An dem Burkini stößt sich auch Yasemins Familie unter dem Baum. Sie sehe ja aus wie eine Araberin. Ihre Mutter Emine (Ilknur Boyraz) versteht die Welt nicht mehr, wo sie die Tochter doch ganz weltlich erzogen hat. Dass Yasemin aus freien Stücken entschieden hat, ihren Körper nicht zu zeigen, will niemand verstehen. Am nächsten Tag betritt eine Gruppe arabischer Frauen in voller Hijab-Verhüllung das Freibad. Sie haben sich aus der Schweiz hierher geflüchtet, wo die Burka per Volksabstimmung gesetzlich verboten wurde. Eva und Gabi, aber auch die türkischen Frauen beobachten das verhüllte Treiben mit steigender Feindseligkeit. Die reichen Araberinnen treiben die Preise nach oben und Trans-Imbiss-Besitzerin Kim (Nico Stank) stellt auf Lammbratwürste um. Als die Bademeisterin entnervt kündigt, besorgt ausgerechnet Eva einen männlichen Nachfolger, um die muslimischen Besucherinnen zu vertreiben.

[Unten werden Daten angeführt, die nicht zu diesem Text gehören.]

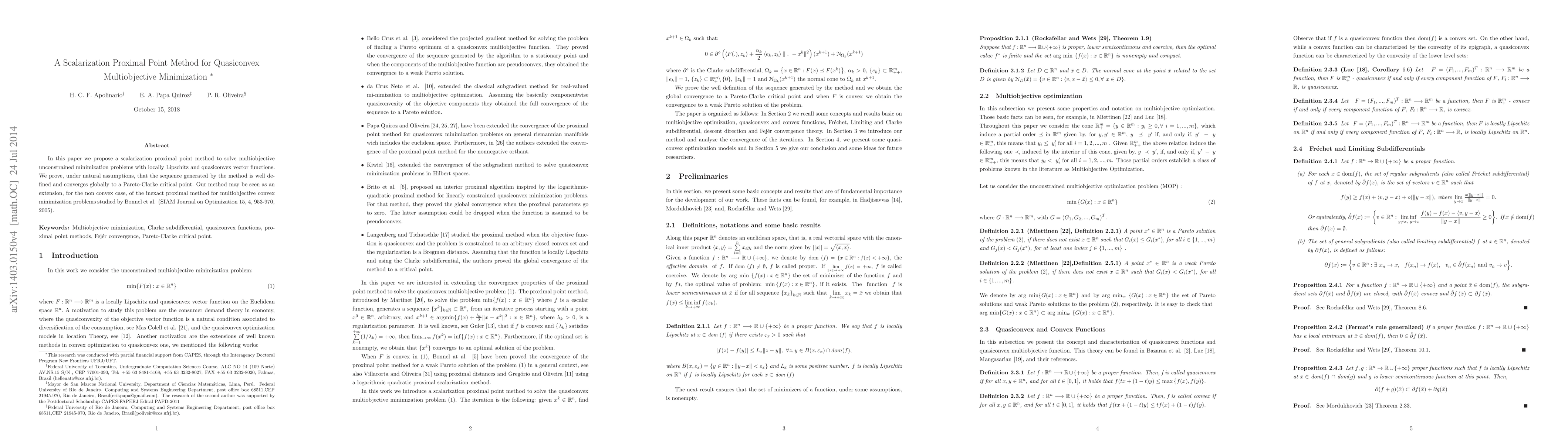 This paper introduces a scalarization proximal point method for solving multiobjective unconstrained minimization involving locally Lipschitz and quasiconvex vector functions, proving global convergence to a Pareto-Clarke critical point under standard assumptions. It extends the inexact proximal method for convex problems to the non-convex case.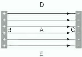 An electron, a proton and neutron are located at point A below in an electric field. A short period of time passes. At which position as indicated by the letter on the diagram will the proton be located?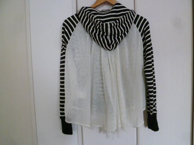 - Clean2○黒×白ボーダー後ろシフォンレース異素材ドッキングパーカー40/ジップアップブラックホワイト○P1029①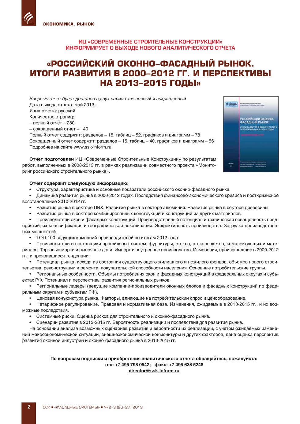 | Новый аналитический отчет «Российский оконно-фасадный рынок. Итоги развития в 2000-2012 гг. и перспективы на 2013-2015 годы» | ...2 |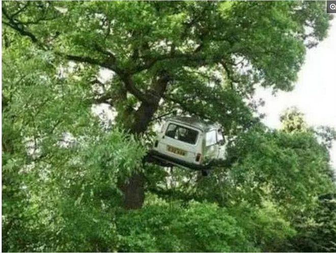 第十七张:一辆上了树的汽车.....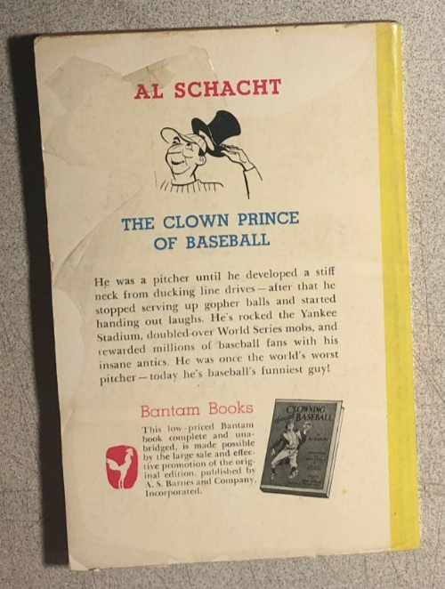 CLOWNING THROUGH BASEBALL by Al Schacht (1949) Bantam Books paperback 1st FINE-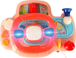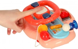 Interaktivní dětský volant je skvělá hračka pro kreativní hraní doma i na cestách. Dítě může otáčet volantem a „řídit“ malé autíčko na palubní desce, přičemž ho doprovází start motoru, klakson, směrovky se světlem a veselé melodie. Díky možnosti nastavení hlasitosti se hra snadno přizpůsobí prostředí.

Im Gewand einer leichten Sommerkomödie entwirft Doris Dörrie eine kluge Parabel über die wunderbare Widersprüchlichkeit des multikulturellen Lebens und die Schwierigkeit, die eigene weibliche Identität darin zu verorten. Das Freibad wird zum Labor der Demokratie, in dem es kräftig dampft und kracht, weil hier Diskurse über Freiheit, Toleranz, kulturelle Diversität, weibliche Selbstbestimmung und Körperbilder ergebnisoffen und unter Einbeziehung menschlicher Schwächen in Fluss geraten. Mit einem offenen Humor, der auch die Klamotte zu streifen wagt, knackt Dörrie lustvoll das Schubladendenken auf, dem alle Badenden auf verschiedenste Weise verfallen sind.

Das Drehbuch, das Dörrie zusammen mit Karin Kaçi und Madeleine Fricke verfasst hat, unterscheidet sich deutlich von deutschen Komödienstandards, weil hier Humorvolles und Debattenträchtiges organisch ineinanderfließen. Am Ende wird die Botschaft vielleicht ein wenig zu deutlich durchtelefoniert, aber „Freibad“ ist ein Film mit einem großen Herz. Die fehlbaren Figuren werden nie an die Karikatur verraten. Ebenso liebevoll wie analytisch blickt der Film auf die Dynamik zwischen persönlichen Ängsten und gegenseitigen Vorurteilsstrukturen.

„Freibad“ ist keine beißende Satire, sondern ein Aufruf es immer wieder miteinander zu versuchen und sich selbst zu hinterfragen. Denn im Streit und Dialog mit anderen gibt es so viel mehr zu erleben und an sich selbst zu entdecken als im gedanklichen Ghetto der eigenen sozialen Blase.